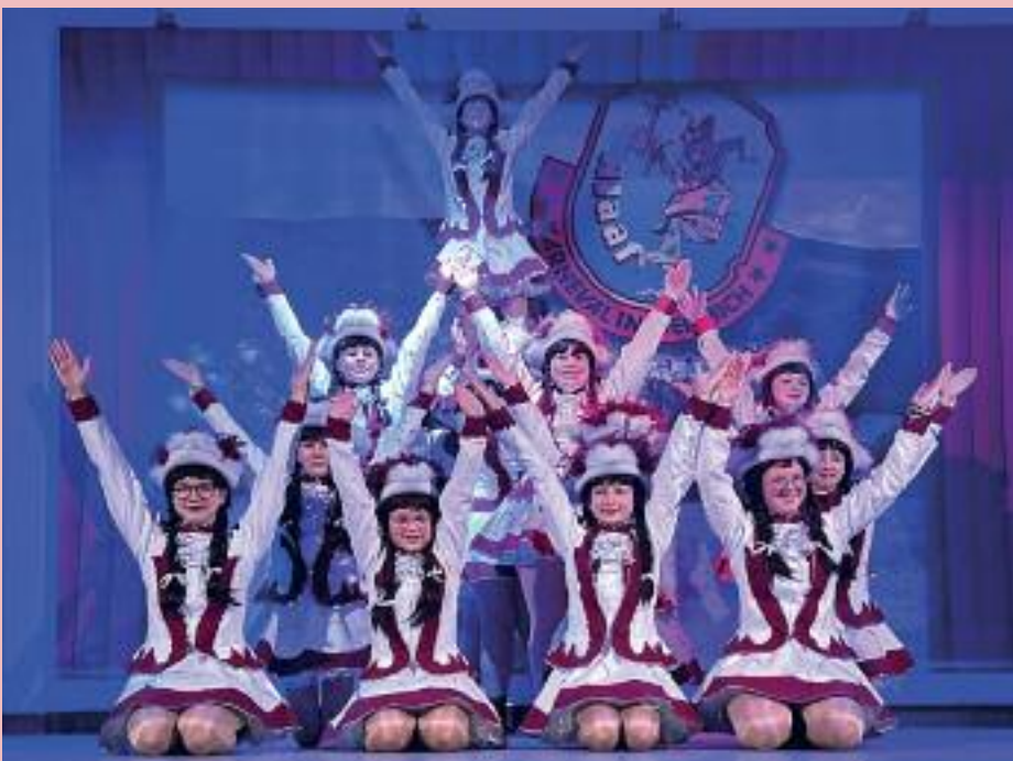
Mit viel Schwung und Hebefiguren zeigt die Teenie-Tanzgruppe ihr ganzes Können

VfL Dermbach bewegt und verbindet Generationen seit über 125 Jahren
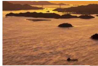
『冬のしまなみ海道』 大森 富美男様
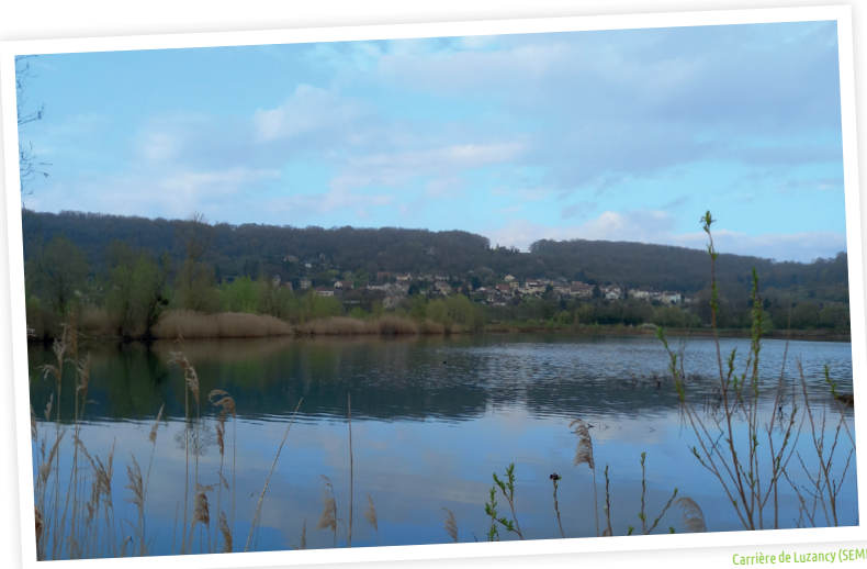
Carrière de Luzancy (SEME)
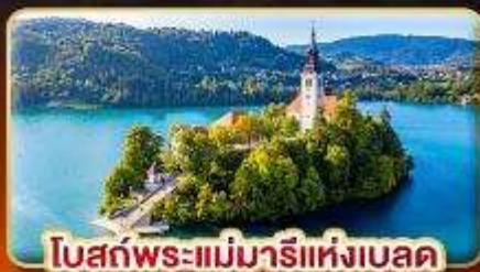
โบสถ์พระแม่มาเรียแห่งเบลด
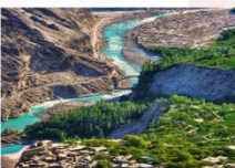
ป้อมปราการ Altit Fort
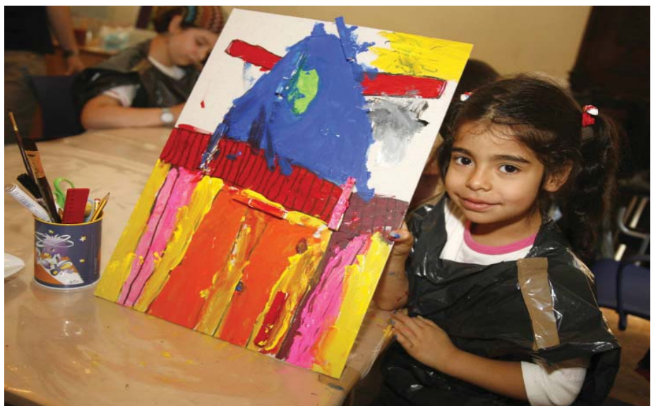
Fotografía 3. Taller infantil.

Cada uno de los 365 días del año la obra permanece abierta para los visitantes, pero también para colegios, institutos, ikastolas.
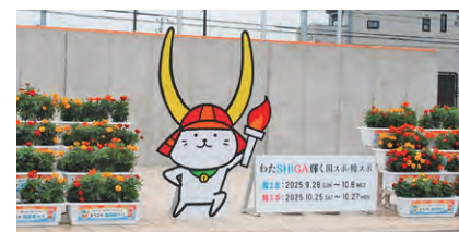
「ひこにゃん」 フォトスポット
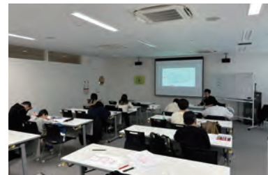
第2回セミナーの風景
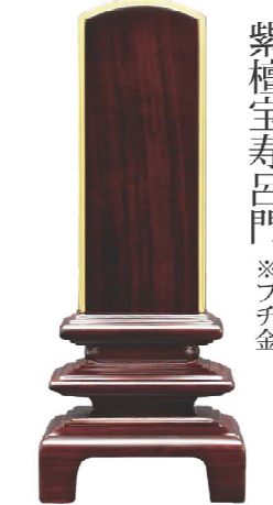
紫檀宝寿呂門 ※フチ金
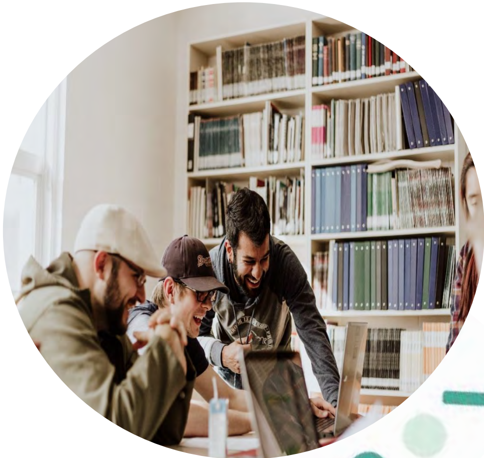
Figuur 2

Hallo, fijn dat jij je in deze moeilijke periode ook wil inzetten voor jongeren en hun mentaal welzijn! In dit draaiboek geven we je een kader en handleiding om in jouw gemeente of buurt een 'gevoelsplek' te maken. Dit is een plek waar kinderen en jongeren met een bepaald gevoel terecht kunnen, vb. frustratie, angst, verdriet, ... Belangrijk is dat deze plek bedacht en vormgegeven wordt met en door jongeren zélf.
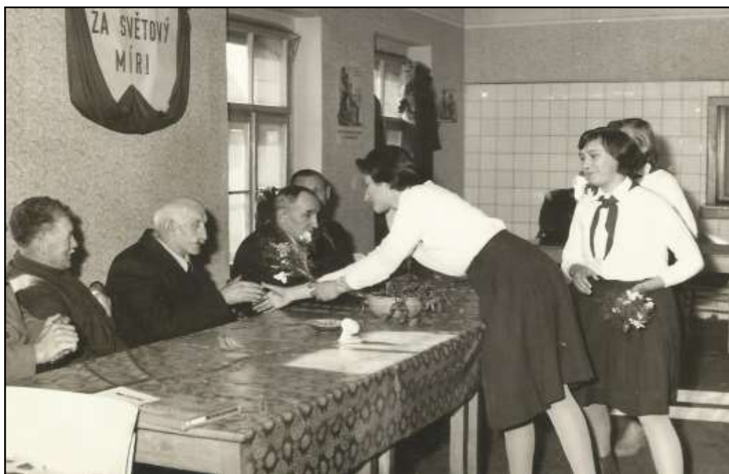
Příloha č. 2 - Kulturní činnost 166
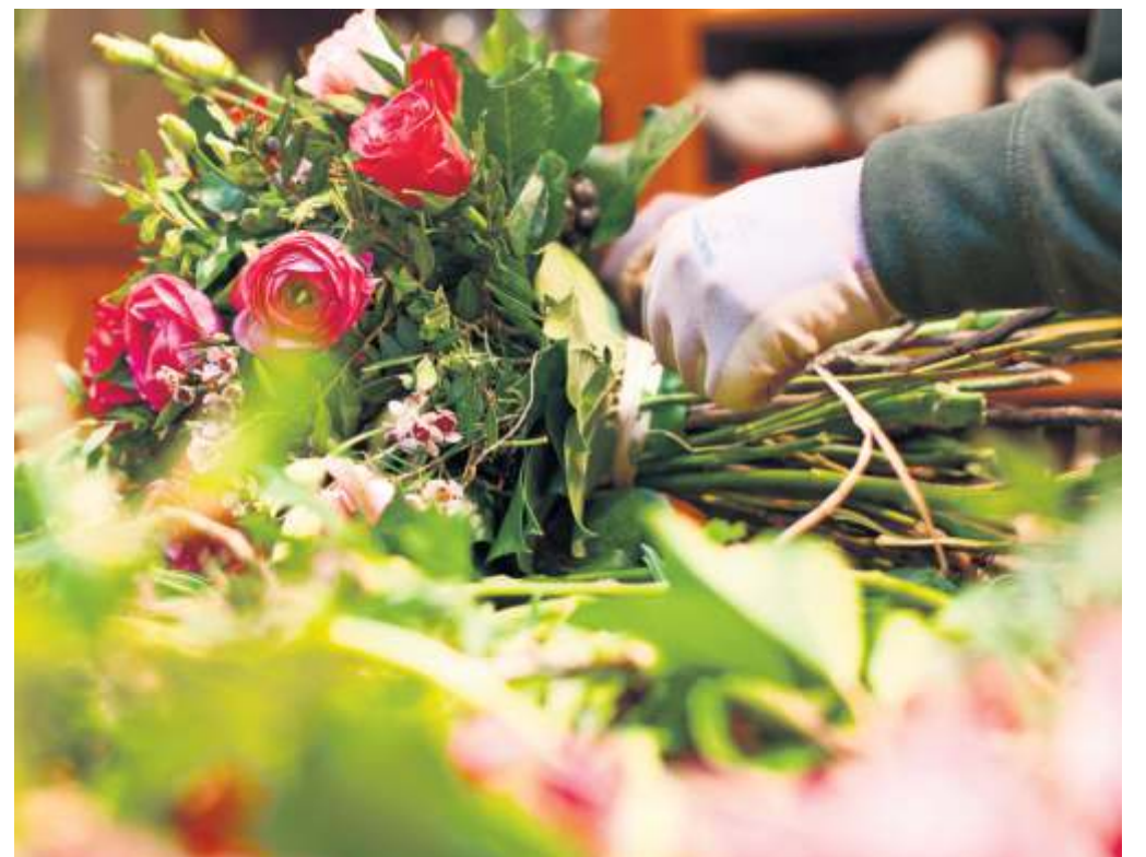
Blumen sind ein beliebtes Geschenk zum Muttertag.

Mehr rund um den Muttertag gibt es im Innenteil.
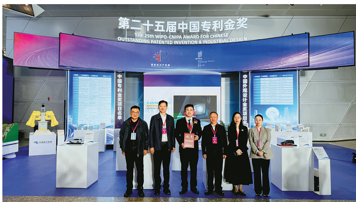
宁波新获第二十五届中国专利奖“双金奖”。

组建由北京大学、中国社会科学院等机构的12名顶尖专家构成的高端智库，为知识产权战略决策提供强有力的智力支撑。建设宁波知识产权学院（设在浙江万里学院），建成国家级知识产权培训基地11个。持续加强人才引育，“十四五”以来新增知识产权师145人。设立服务业（知识产权）人才专项。深化“校（院）企双聘”机制，累计选聘“科技副总”244名、“产业教授”286名。实施“伙伴优选”行动，为知识产权人才创新创业提供全周期服务。
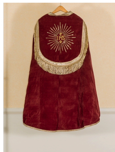
Chape rouge. IVR26_20162100361NUC2A
______
All lines from the beginning of the entries above to the line containing "ป้อมปราการ Altit Fort", inclusive, should be printed exactly, apart from the pictures.

Mit viel Schwung und Hebefiguren zeigt die Teenie-Tanzgruppe ihr ganzes Können

VfL Dermbach bewegt und verbindet Generationen seit über 125 Jahren
『冬のしまなみ海道』 大森 富美男様
Carrière de Luzancy (SEME)
โบสถ์พระแม่มาเรียแห่งเบลด
ป้อมปราการ Altit Fort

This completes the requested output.